EXCERPTED RECORDS
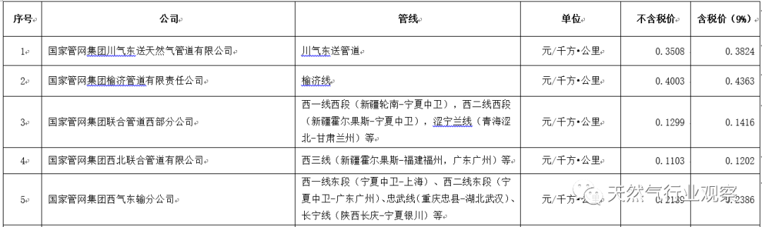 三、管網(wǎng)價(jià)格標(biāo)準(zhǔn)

---

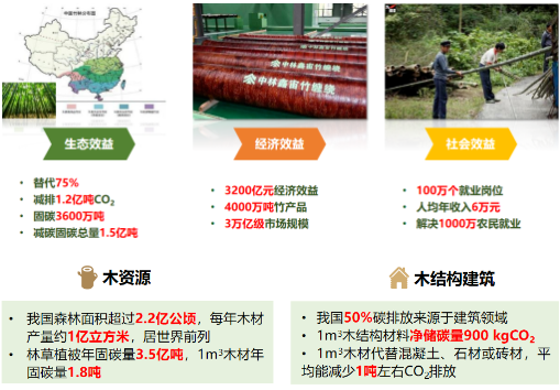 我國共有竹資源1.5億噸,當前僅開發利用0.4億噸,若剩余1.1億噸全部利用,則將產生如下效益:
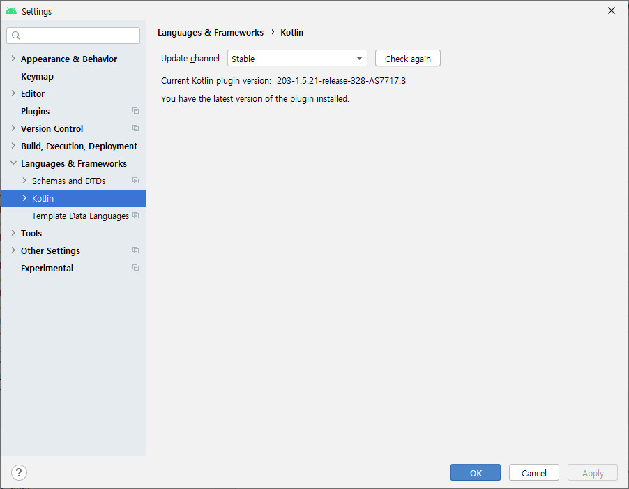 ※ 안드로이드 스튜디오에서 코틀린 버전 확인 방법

* * *

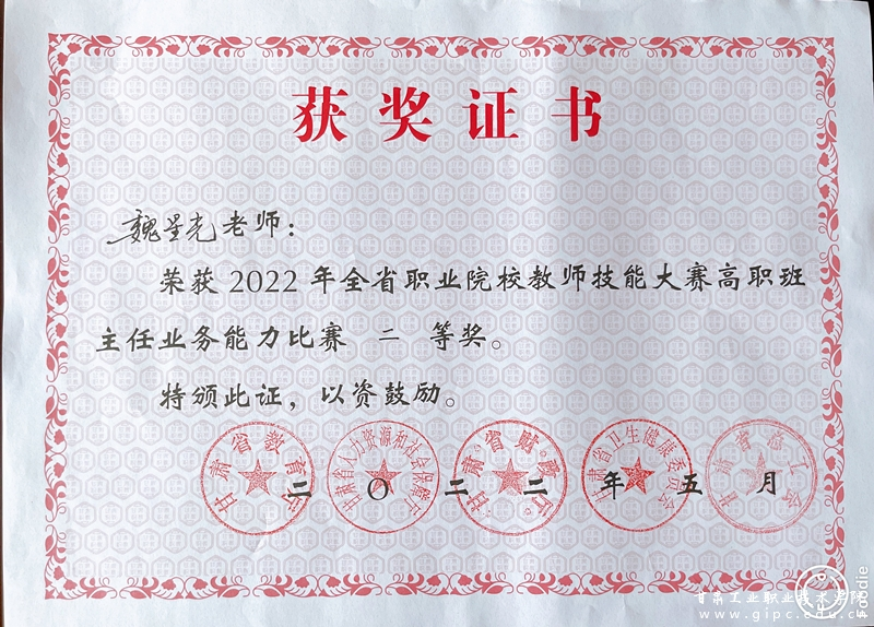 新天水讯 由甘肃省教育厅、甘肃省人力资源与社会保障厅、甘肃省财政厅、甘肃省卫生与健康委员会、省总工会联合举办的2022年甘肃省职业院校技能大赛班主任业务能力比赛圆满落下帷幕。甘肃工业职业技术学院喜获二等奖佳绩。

AIM OF THE EXERCISE
The reply should hold the entries above from the line with "我國共有竹資源1.5億噸,當" to the line with "코틀린 버전 확인 방법", duplicated exactly, pictures excluded.

TASK RESULT
 我國共有竹資源1.5億噸,當前僅開發利用0.4億噸,若剩余1.1億噸全部利用,則將產生如下效益:
 ※ 안드로이드 스튜디오에서 코틀린 버전 확인 방법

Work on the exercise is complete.